For each result set, a cursor is maintained (typically by the database) which keeps track of where in the result set the user currently is. Depending on the database, ODBC driver, and how you configured the wxWidgets ODBC settings in setup.h (see wxODBC - Compiling), cursors can be either forward or backward scrolling. At a minimum, cursors must scroll forward. For example, if a query resulted in a result set with 100 rows, as the data is read by the client application, it will read row 1, then 2, then 3, etc. With forward only cursors, once the cursor has moved to the next row, the previous row cannot be accessed again without re-querying the datasource for the result set over again. Backward scrolling cursors allow you to request the previous row from the result set, actually scrolling the cursor backward.
Backward scrolling cursors are not supported on all database/driver combinations. For this reason, forward-only cursors are the default in the wxODBC classes. If your datasource does support backward scrolling cursors and you wish to use them, make the appropriate changes in setup.h to enable them (see wxODBC - Compiling). For greatest portability between datasources, writing your program in such a way that it only requires forward scrolling cursors is your best bet. On the other hand, if you are focusing on using only datasources that support backward scrolling cursors, potentially large performance benefits can be gained from using them.
There is a limit to the number of cursors that can be open on each connection to the datasource, and usually a maximum number of cursors for the datasource itself. This is all dependent on the database. Each connection that is opened (each instance of a wxDb) opens a minimum of 5 cursors on creation that are required for things such as updates/deletions/rollbacks/queries. Cursors are a limited resource, so use care in creating large numbers of cursors.
Additional cursors can be created if necessary with the wxDbTable::GetNewCursor function. One example use for additional cursors is to track multiple scroll points in result sets. By creating a new cursor, a program could request a second result set from the datasource while still maintaining the original cursor position in the first result set.
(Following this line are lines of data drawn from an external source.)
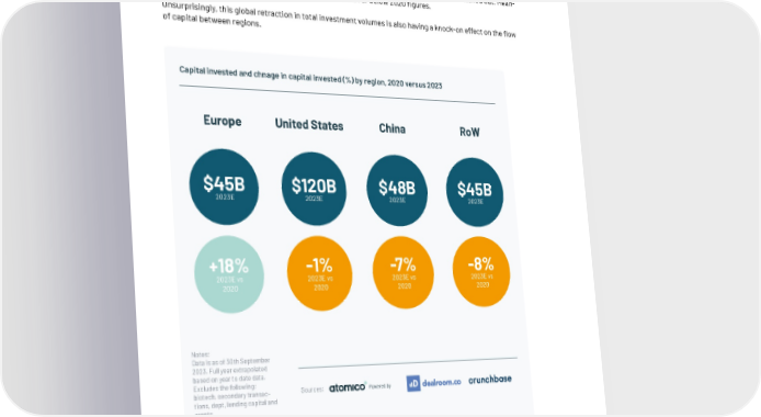 It’s a global phenomenon Of course, the market reset isn’t solely a European concern: it’s a worldwide phenomenon. There has been a notably consistent reduction in global private tech investment not only in Europe, but also in the US, China, and beyond. However zooming out a few years, Europe has continued on an upward trajectory and is on track to raise 18% more compared to 2020. We are the only region globally where long term growth has not 昀氀attened out. Mean- while US, China and Rest of World are on track to land 昀氀at or below 2020 昀椀gures. Unsurprisingly, this global retraction in total investment volumes is also having a knock-on effect on the 昀氀ow of capital between regions. Capital invested and chnage in capital invested (%) by region, 2020 versus 2023 Europe United States China RoW $45B $120B $48B $45B 2023E 2023E 2023E 2023E +18% -1% -7% -8% 2023E vs 2023E vs 2023E vs 2023E vs 2020 2020 2020 2020 Notes: Data is as of 30th September 2023. Full year extrapolated based on year to date data. Excludes the following: biotech, secondary transac- Sources: Powered by tions, dept, lending capital and grants. 23 | Executive summary
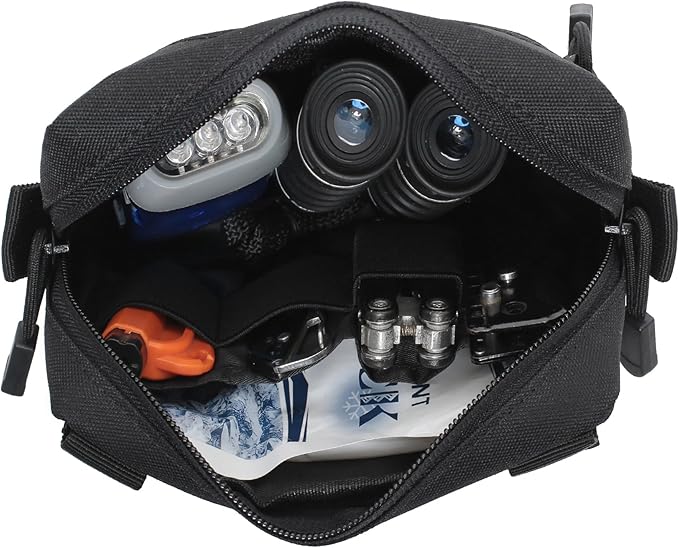 - TOUGH QUALITY: Admin molle pouch size: 6.7" x 4.3" x 1.9". Made of tough, durable and lightweight 600D nylon. Sturdy double zippers for the top to the sides quickly ,easily see what you have. The sturdy Molle system and copper snap button make it more firmly attached to other tactical gears
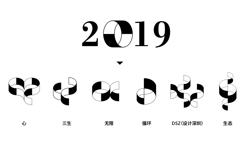 主視覺設(shè)計(jì)借用“可持續(xù)”的概念,從設(shè)計(jì)元素的可持續(xù)出發(fā),從年份“2019”中提取“0”,設(shè)計(jì)了一套專屬字體,并在字體的基礎(chǔ)上設(shè)計(jì)了一組圖標(biāo),代表著不同的寓意。
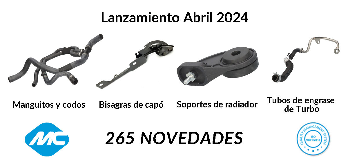 Este es el tercer lanzamiento consecutivo en el que manguitos y codos es la familia con mayor número de referencias, presentándose en esta ocasión 107 nuevas. Otras familias con gran protagonismo son latiguillos de freno, que sigue aumentando con 12 códigos más; tubos de engrase de turbo, que con 10 novedades ya alcanza en total las 179 referencias; y bisagras de capó, de las que solo había una en catálogo y ahora se añaden 10 nuevas.
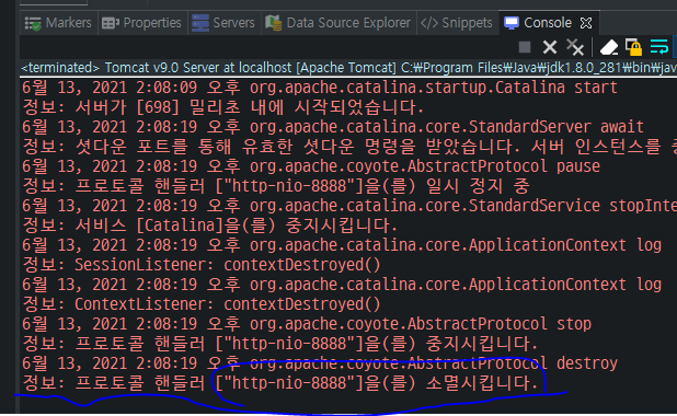 6. 이클립스(Eclipse)에서 Tomcat 서버 종료하기
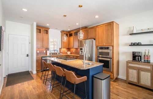 Whip up your favorite meals in the full kitchen boasting granite countertops and stainless steel appliances, then kick back in the adjacent living room featuring comfy couches, a large TV, and a cozy indoor gas fireplace.
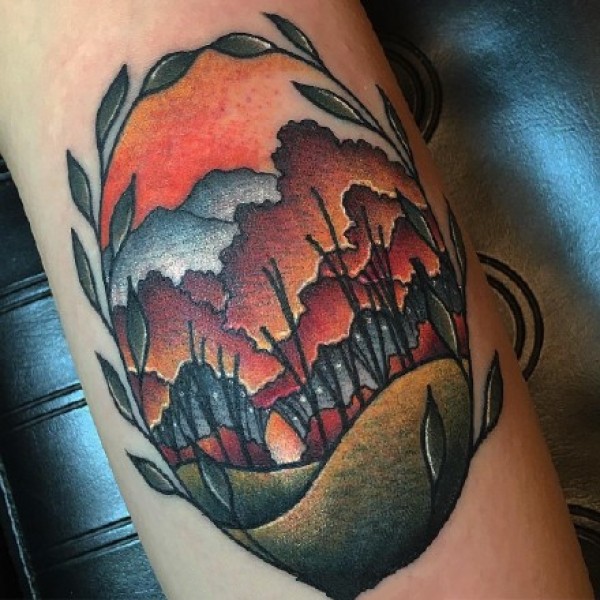 圆形风景纹身--几张几何圆形+风景纹身图案作品
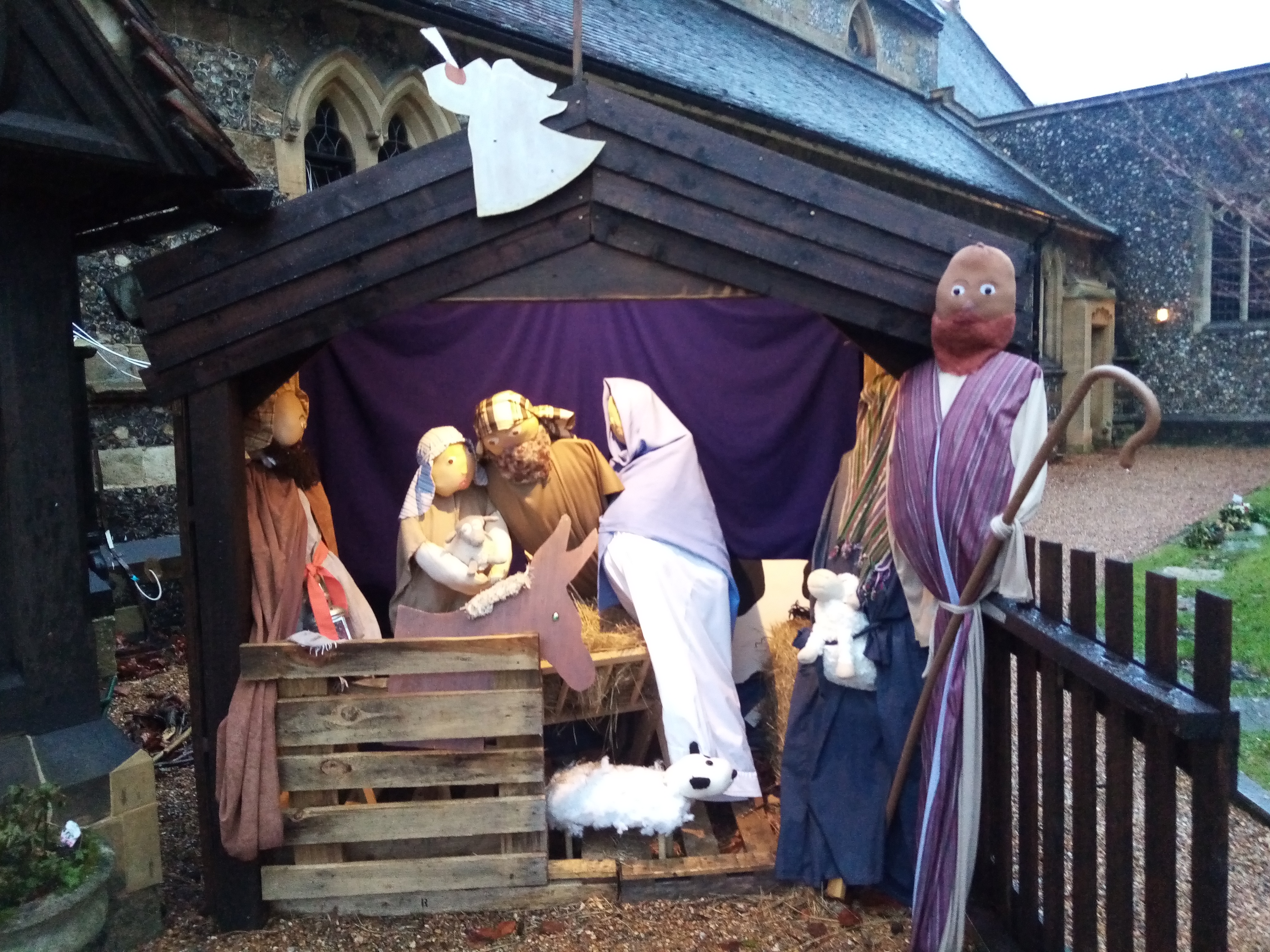 Oasis Christian Bookshop, WallingtonAnd lastly, the Nativity at the beautiful, 900-year-old Chaldon Church (with a CR3 postcode, it counts as Croydon!) I like that the shepherds, Mary, Joseph, Jesus and some angels are assembled in the stable, while the Wise Men wait on a shelf until it’s their turn to arrive.

Different than non-SQL/ODBC datasources, when a program performs an insertion, deletion, or update (or other SQL functions like altering tables, etc) through ODBC, the program must issue a "commit" to the datasource to tell the datasource that the action(s) it has been told to perform are to be recorded as permanent. Until a commit is performed, any other programs that query the datasource will not see the changes that have been made (although there are databases that can be configured to auto-commit). NOTE: With most datasources, until the commit is performed, any cursor that is open on that same datasource connection will be able to see the changes that are uncommitted. Check your database's documentation/configuration to verify this before relying on it though.
A rollback is basically an UNDO command on the datasource connection. When a rollback is issued, the datasource will flush all commands it has been told to do since the last commit that was performed.
NOTE: Commits/Rollbacks are done on datasource connections (wxDb instances) not on the wxDbTable instances. This means that if more than one table shares the same connection, and a commit or rollback is done on that connection, all pending changes for ALL tables using that connection are committed/rolled back.